### Activity
Without including any image, repeat every record exactly.

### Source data

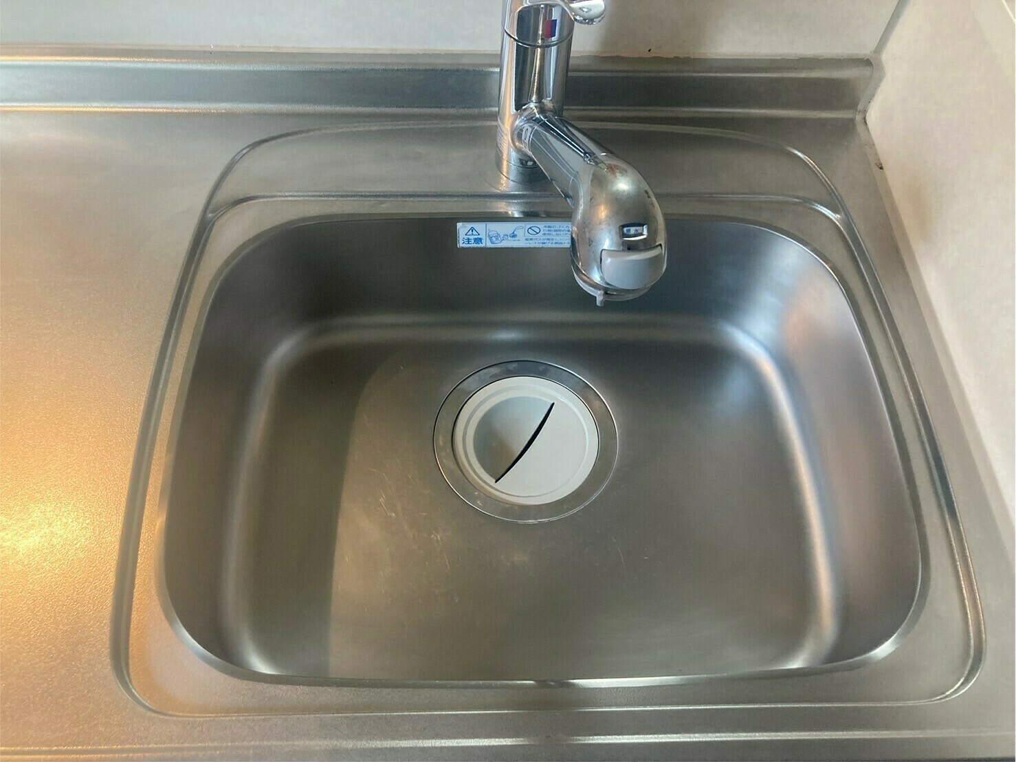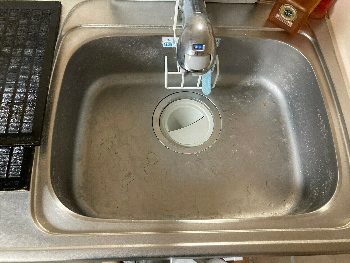 シンクはカルキ汚れや洗剤汚れ、蛇口部分はウロコ汚れがついています😵💫
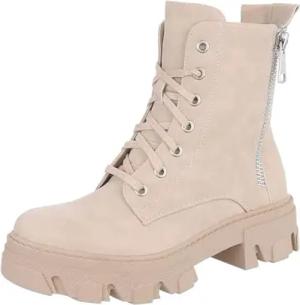 Ital Design Damenschuhe Stiefeletten Flache Stiefeletten, XQJ-5-, Kunstleder, Beige, Gr. 38
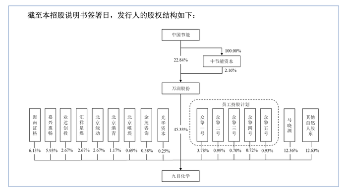 招股书显示,万润股份直接持有九目化学45.33%的股份,为九目化学控股股东;中国节能及其全资子公司中节能资本合计持有万润股份约25%的股份,为九目化学的实际控制人。
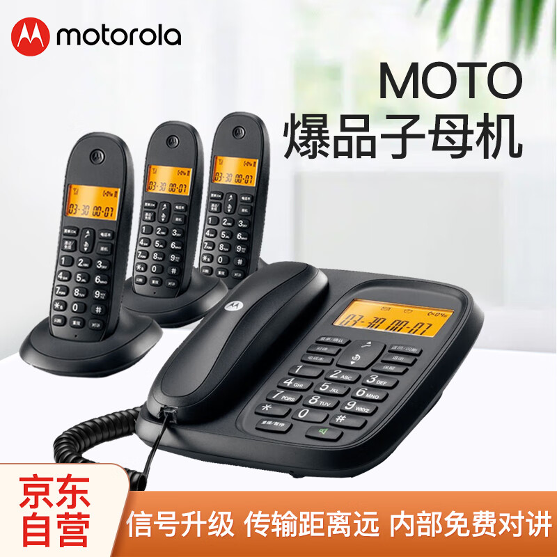 摩托罗拉(Motorola)数字无绳电话机 无线座机 子母机一拖三 办公家用 中文显示 双免提套装CL103C(黑色)价格:569.00元!
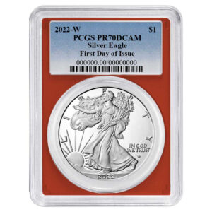 2022-W $1 1-oz Proof American Silver Eagle PCGS PR70DCAM FDOI Blue Label Red Frame
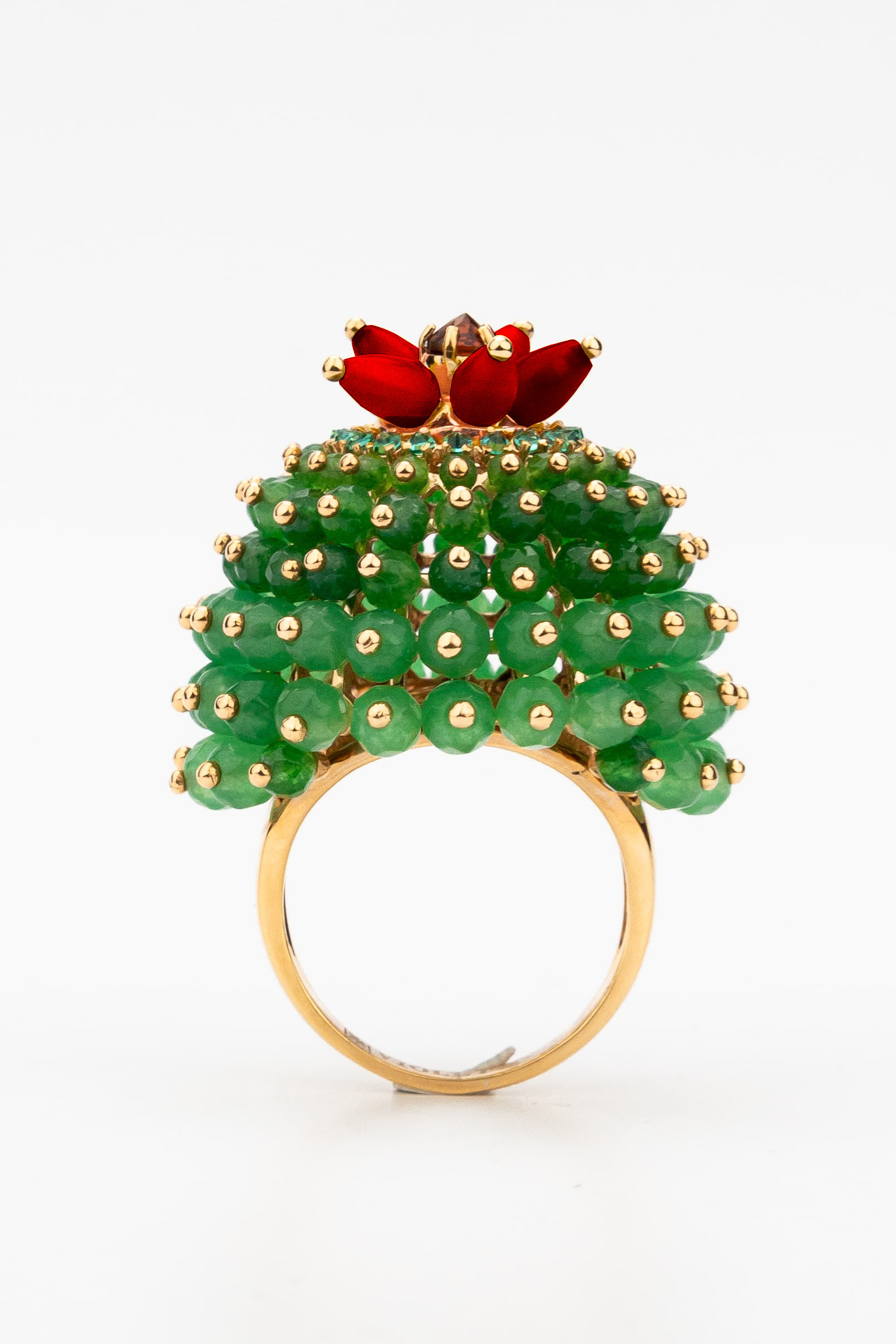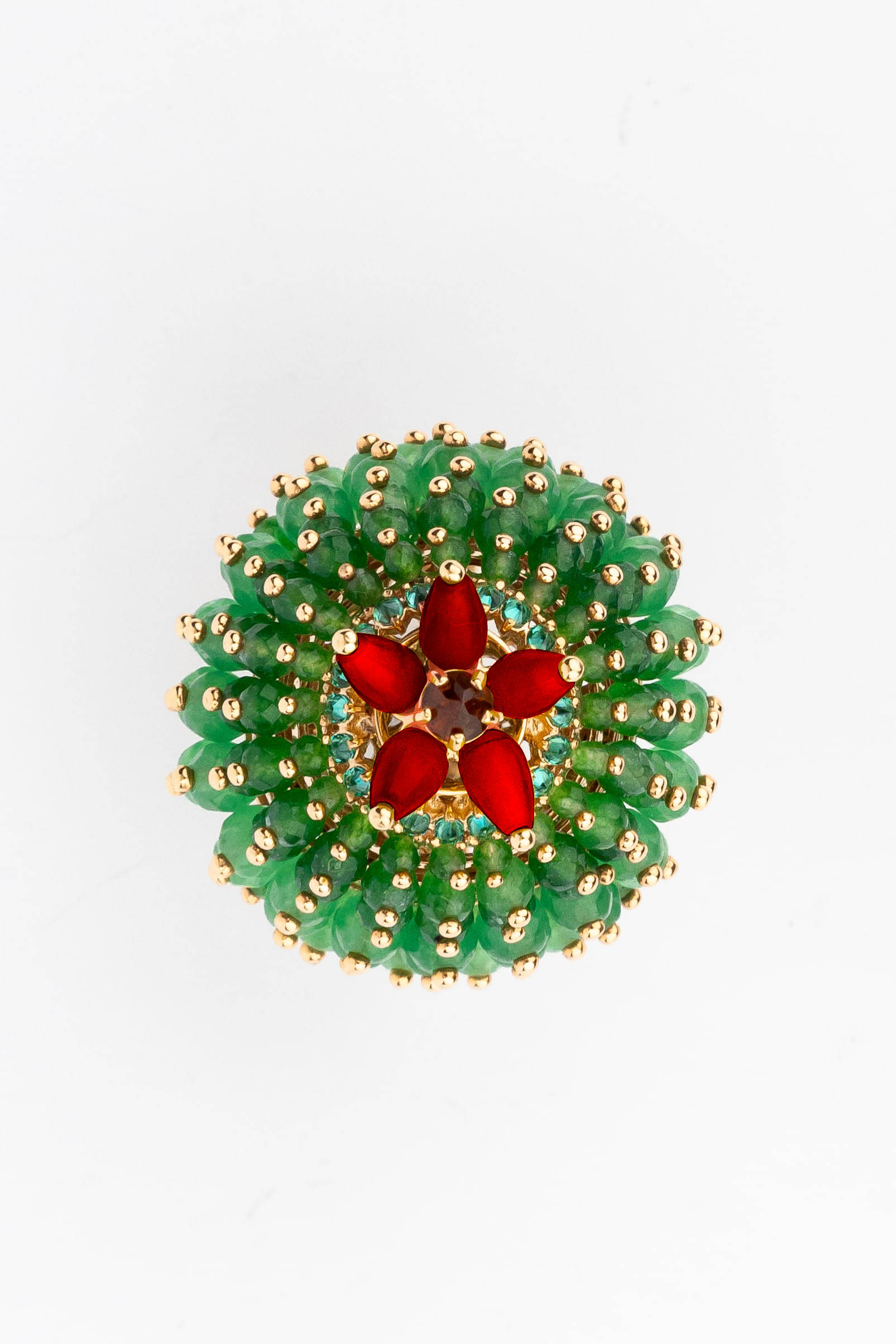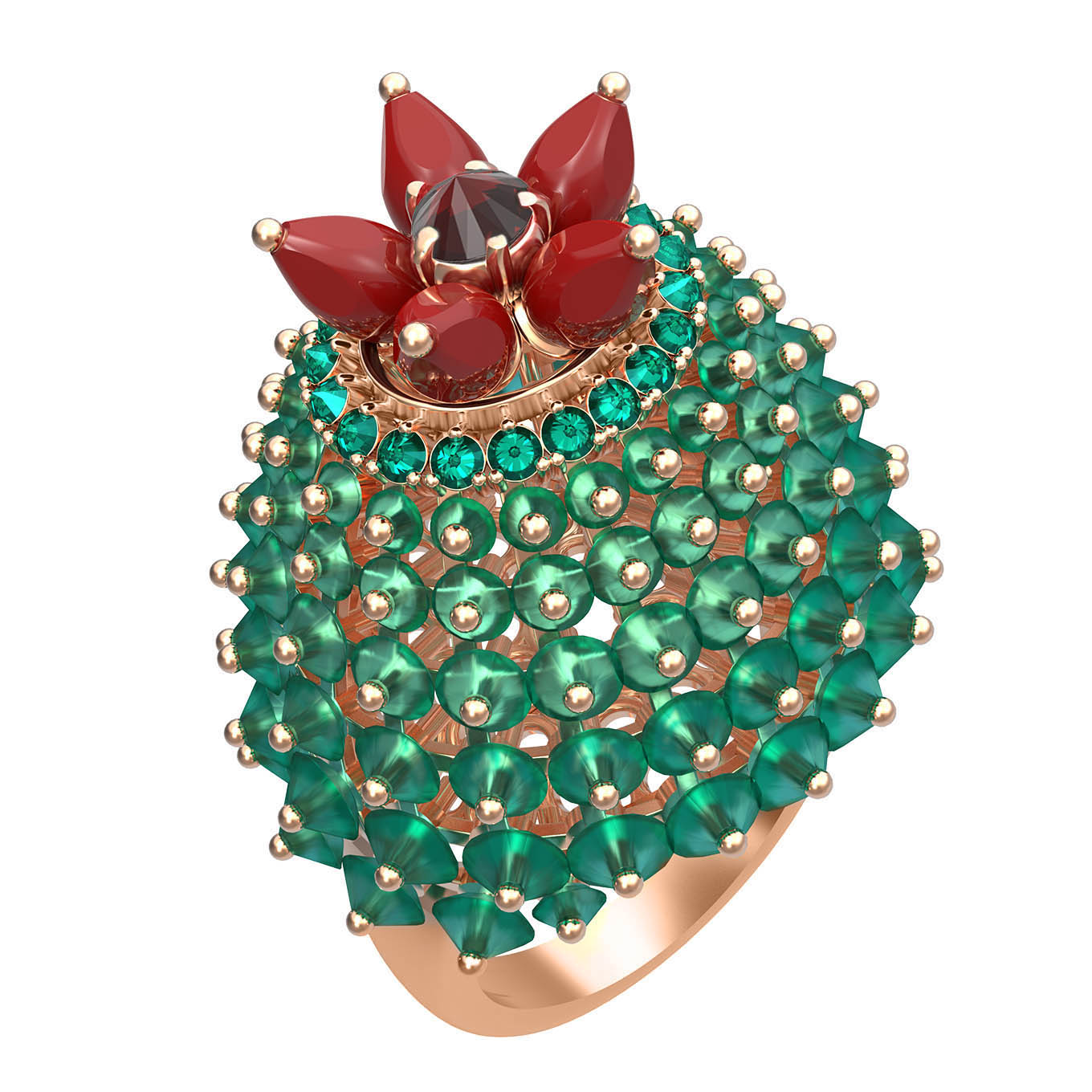 Кольцо из золота c гранатом, хризопразом, изумрудом и кораллом

### Expected output
 シンクはカルキ汚れや洗剤汚れ、蛇口部分はウロコ汚れがついています😵💫
 Ital Design Damenschuhe Stiefeletten Flache Stiefeletten, XQJ-5-, Kunstleder, Beige, Gr. 38
 招股书显示,万润股份直接持有九目化学45.33%的股份,为九目化学控股股东;中国节能及其全资子公司中节能资本合计持有万润股份约25%的股份,为九目化学的实际控制人。
 摩托罗拉(Motorola)数字无绳电话机 无线座机 子母机一拖三 办公家用 中文显示 双免提套装CL103C(黑色)价格:569.00元!
 2022-W $1 1-oz Proof American Silver Eagle PCGS PR70DCAM FDOI Blue Label Red Frame
 Кольцо из золота c гранатом, хризопразом, изумрудом и кораллом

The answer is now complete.